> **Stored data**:
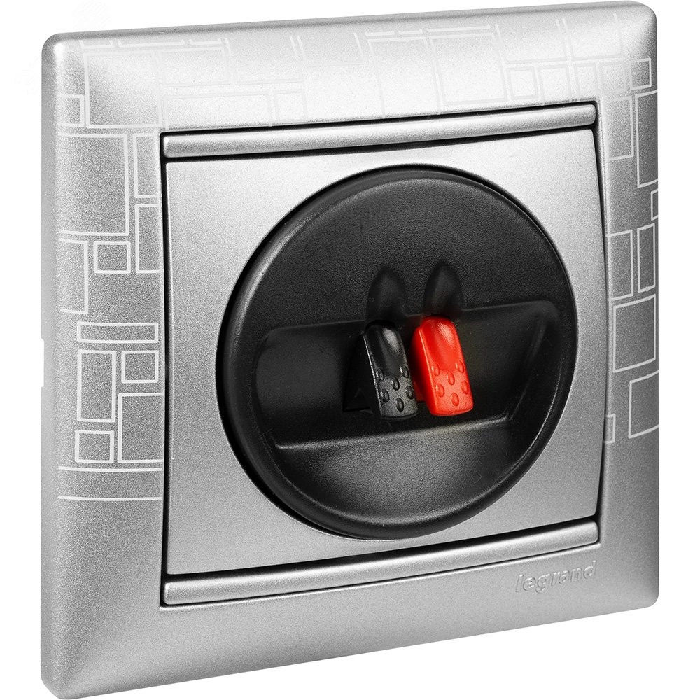 Розетка для акустической системы - Legrand Valena - алюминий. Предназначена для подключения громкоговорителей, колонок и другого аудиооборудования к источнику сигнала. Возможно подключение 1 устройства (моно).
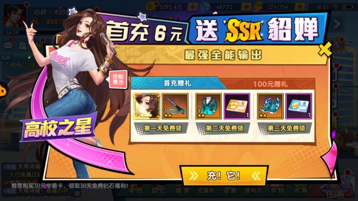 新生攻略一、【完整系统攻略】总的来说,这个游戏就是超级简单,推图集卡养高校之星,充不充都可以爽,但拿下首充,就能爽到飞起,因为只有首充送貂蝉,这个SSR卡可单可群,还能升UR,就问你,香不香!按指引先拿到6张卡凑齐阵容,游戏首日送20连抽,卡特别好拿,就一个原则——但凡是SSR卡,养他!!通过后期收集到的碎片,可以对卡片进行升星。如果你第一天就想手握各种高校之星,那就搞张月卡,首日凑套SSR
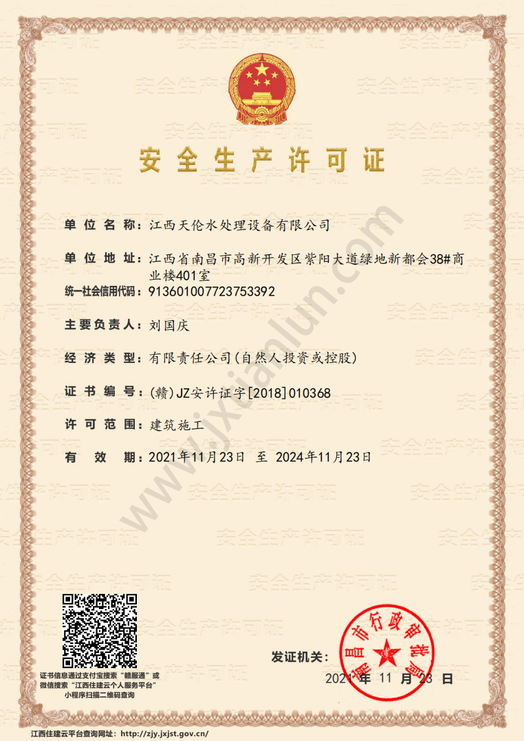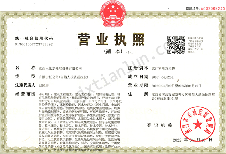 2005年:天倫進入高新開發(fā)區(qū)留學生創(chuàng)業(yè)園,進入快速發(fā)展階段,成立江西天倫水處理設備有限公司
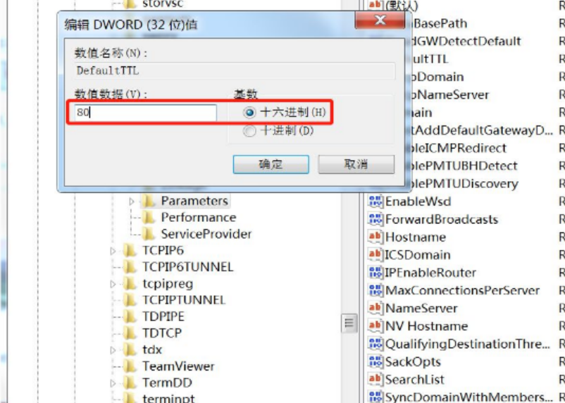 4、點擊參數,找到右邊的DefaultTTL,雙擊打開編輯,數值改為80(十六進制)。
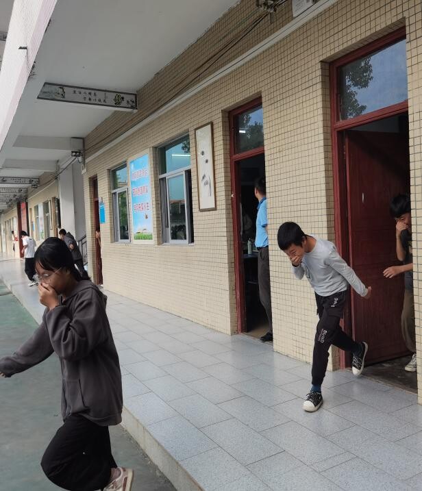 (師生達安全集結(jié)點,各班級迅速集合清點人數(shù))
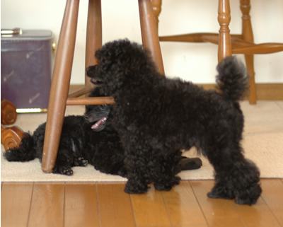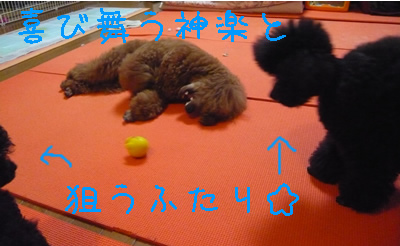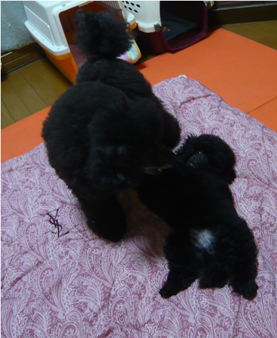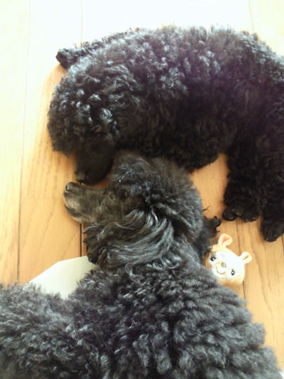 トリミングが終わって遊ぶ兄弟二人。
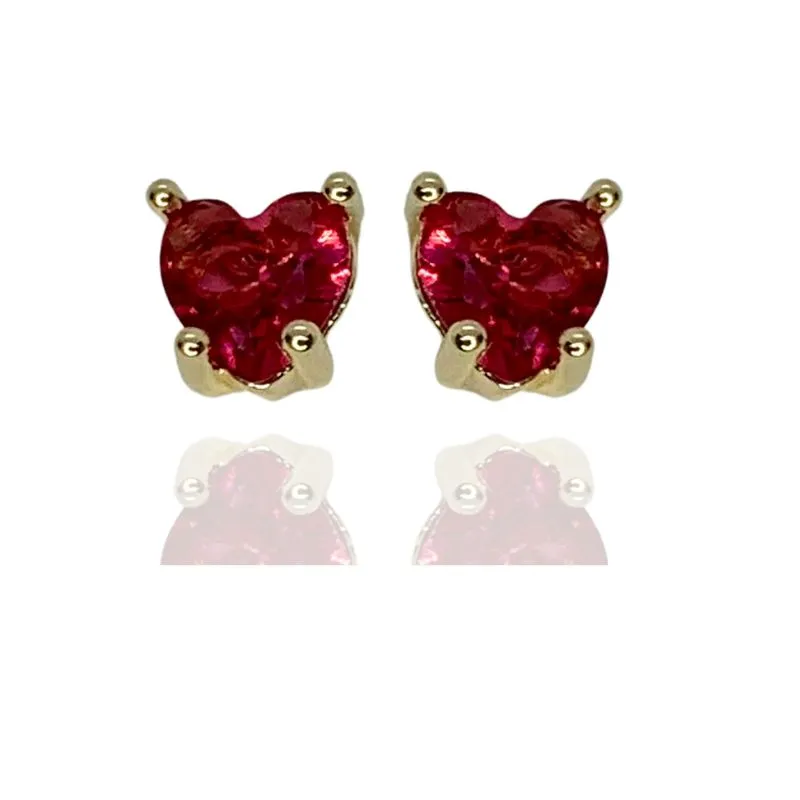 Brinco coração mini zircônia rubi
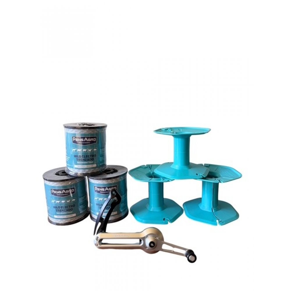 Optimiza la gestión de tus cercas móviles con este kit completo de alto rendimiento. Incluye nuestro avanzado Dispositivo Junta Carretel 4:1 , 6 Bobinas Standard PensAgro y 3 Hilos Electro trenzado de 500 metros.
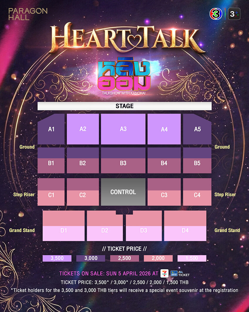 งานนี้รับรองว่าเข้มข้น ครบทุกอารมณ์ ทั้งโมเมนต์ฟิน โมเมนต์จริงใจ และเรื่องราวที่หลายคนอยากรู้ เตรียมสัมผัสด้วยตัวเองในวันเสาร์ที่ 25 เมษายน 2569 ณ พารากอน ฮอลล์ ชั้น 5 สยามพารากอน เริ่มจำหน่ายบัตรในวันอาทิตย์ที่ 5 เมษายน 2569 แบ่งออกเป็น 2 ช่วงเวลา ได้แก่
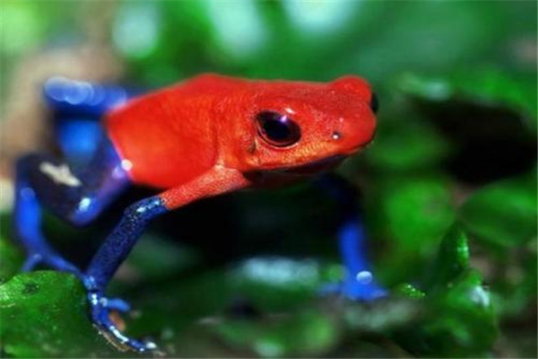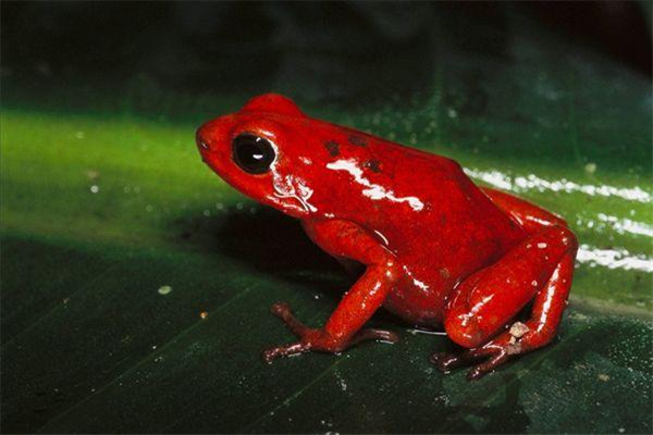 红带箭毒蛙是巨毒蛙,其一次喷射出的毒液可以杀死十个成年人。红带箭毒蛙之所以得名,是由于它们的身上有几条红色或者是黑色的条纹,呈带状并且较宽。红带箭毒蛙以红色为底色,但是脚趾是白色的。红色和白色都属于较为亮眼的颜色,两者相结合,远远看上去十分显眼。红带箭毒蛙是世界保护动物,同时也是濒危物种,它们颜色鲜艳。

> **TASK DIRECTIONS**:
Write out only the lines from the one that contains "トリミングが終わって遊ぶ兄弟二人。" through the last line of the records above, both included, word for word and without the pictures.

> **EXERCISE ANSWER**:
 トリミングが終わって遊ぶ兄弟二人。
 Brinco coração mini zircônia rubi
 Optimiza la gestión de tus cercas móviles con este kit completo de alto rendimiento. Incluye nuestro avanzado Dispositivo Junta Carretel 4:1 , 6 Bobinas Standard PensAgro y 3 Hilos Electro trenzado de 500 metros.
 งานนี้รับรองว่าเข้มข้น ครบทุกอารมณ์ ทั้งโมเมนต์ฟิน โมเมนต์จริงใจ และเรื่องราวที่หลายคนอยากรู้ เตรียมสัมผัสด้วยตัวเองในวันเสาร์ที่ 25 เมษายน 2569 ณ พารากอน ฮอลล์ ชั้น 5 สยามพารากอน เริ่มจำหน่ายบัตรในวันอาทิตย์ที่ 5 เมษายน 2569 แบ่งออกเป็น 2 ช่วงเวลา ได้แก่
 红带箭毒蛙是巨毒蛙,其一次喷射出的毒液可以杀死十个成年人。红带箭毒蛙之所以得名,是由于它们的身上有几条红色或者是黑色的条纹,呈带状并且较宽。红带箭毒蛙以红色为底色,但是脚趾是白色的。红色和白色都属于较为亮眼的颜色,两者相结合,远远看上去十分显眼。红带箭毒蛙是世界保护动物,同时也是濒危物种,它们颜色鲜艳。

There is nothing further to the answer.